Blockchain’s ascent has been fueled by the meteoric rise of Bitcoin in the last two years. When Bitcoin hit a frenzied high of over $16,000 in November 2017, blockchain was the hottest of hot topics at conferences worldwide. In the time since both Bitcoin and blockchain technology has gone through the typical technology adoption lifecycle. The mania has settled down somewhat, though these technologies are certainly here to stay. While many companies are certainly still watching intently the trends on the blockchain, a handful of startups in different industries are moving towards tokenization of their respective domains. They are doing so for good reason: many early startup companies managed to secure funding in ICO (Initial Coin Offering) by means of being a “utility token” provider. This digital token of cryptocurrency is issued to fund development of the cryptocurrency and can be later used to purchase a good or service offered by the issuer of the cryptocurrency. In this way, tokens enable fundraising for the startup. The initial cost of entry was fairly low, requiring only a sophisticated whitepaper to secure an ICO.
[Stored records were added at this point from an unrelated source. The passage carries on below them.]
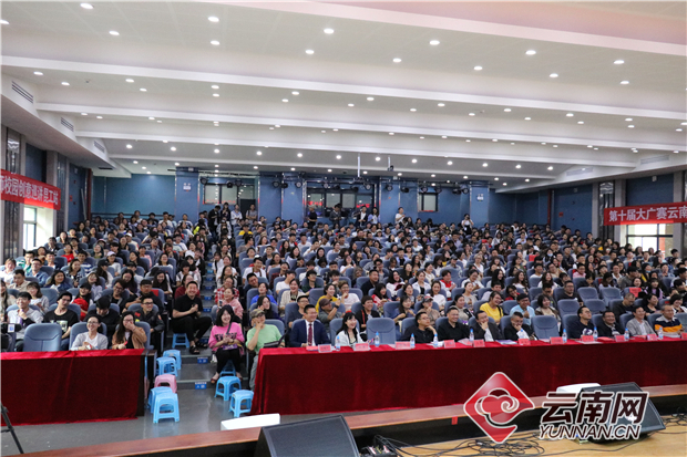 云南网讯(记者 党一郡)5月8日下午,2018第十届全国大学生广告艺术大赛(简称“大广赛”)云南赛区暨第九届云南省“大广赛”启动式暨名家名师校园创意巡讲活动在昆明理工大学拉开帷幕。本届“大广赛”的主题为“创意我闪耀”,昆明站的巡讲活动由“大广赛”云南赛区组委会主办,昆明理工大学艺术与传媒学院承办。来自昆明理工大学、云南师范大学、云南民族大学等省内十余所高校近450名师生参加了本次活动。
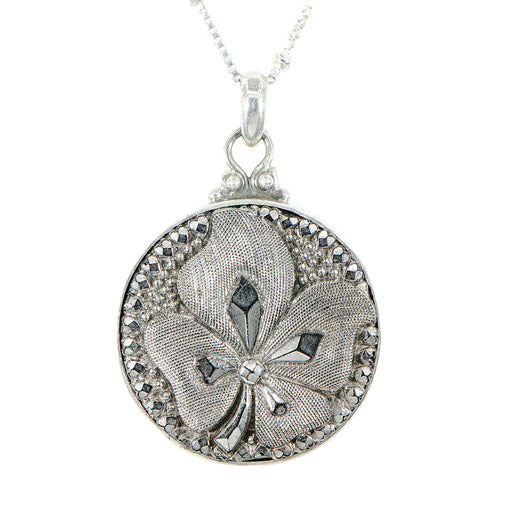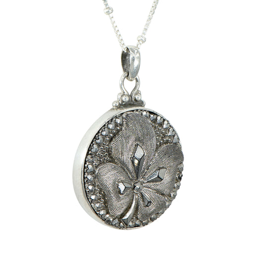 Victorian Shamrock Glass Button Necklace by Elizabeth NgoVictoria era luster glass shamrock buttonSet in sterling silver18" sterling silver chain
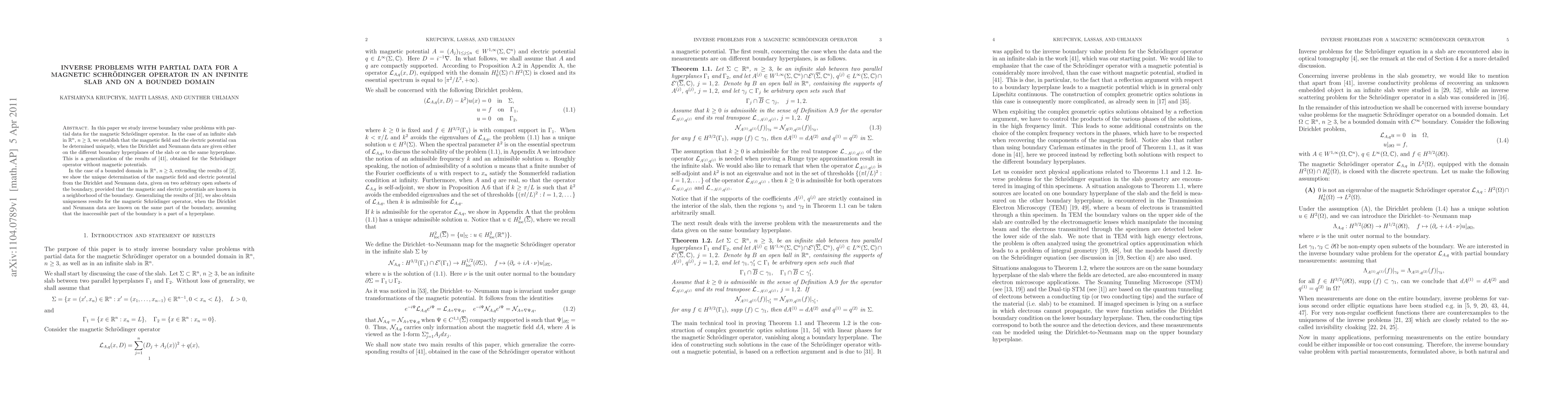 This paper investigates inverse problems for the magnetic Schrödinger operator with partial data, proving unique determination of the magnetic field and electric potential in both infinite slab and bounded domain settings, extending previous results for non-magnetic cases. Uniqueness is established under various data conditions, including different or same boundary hyperplanes and open subsets of the boundary.

If this sounds too good to be true, it is. As more and more startups failed to deliver on their promises, the tokenized economy experienced its first setbacks. While some governments stopped the ICO altogether, others took the initiative to support the crypto economy. Gibraltar and Malta are still considered a safe haven for the crypto-economy. Singapore allows payment with Luna and some coffee shops in the country accept crypto-payment.
It shouldn’t come as a surprise that cryptocurrencies, in general, are subject to increasing government scrutiny and control. They pose a threat to traditional systems in many industries. The most giant and vulnerable among these may be the worldwide banking system. Yet, even here, an element of ‘if you can’t beat ’em, join ’em’ is creeping in. Some institutions are experimenting with different versions of cryptocurrencies. Understanding the volatility of some of the cryptocurrencies, some institutions started to use Ripple, which is currently in use with companies such as UniCredit, UBS, and Santander. It has been increasingly adopted by banks and payment networks as settlement infrastructure technology, with American Banker explaining that “from [the] banks’ perspective, distributed ledgers like the Ripple system have a number of advantages over cryptocurrencies like Bitcoin and Ethereum.” Many cryptocurrency experts see the volatility of crypto in institutions which will most likely lose the biggest power, mainly governments as well as big banks.
Banking and the crypto-economy show just one particular application of blockchain technology. It is also driving many PoCs, startups and powerful applications in cybersecurity, and supply chain management (including provenance, fluent, skuchain), for forecasting (angur), for insurance and private transport (arcade city, la´zooz, inmediate), for cloud storage (storj), for charity (bitgive), for public benefits (govcoin), for healthcare (gem, tierion), for energy management (transactivegrid), for online music (mycelia), for retail (OpenBazaar), and for real estate (ubitquity,leaxcoin), to name a few.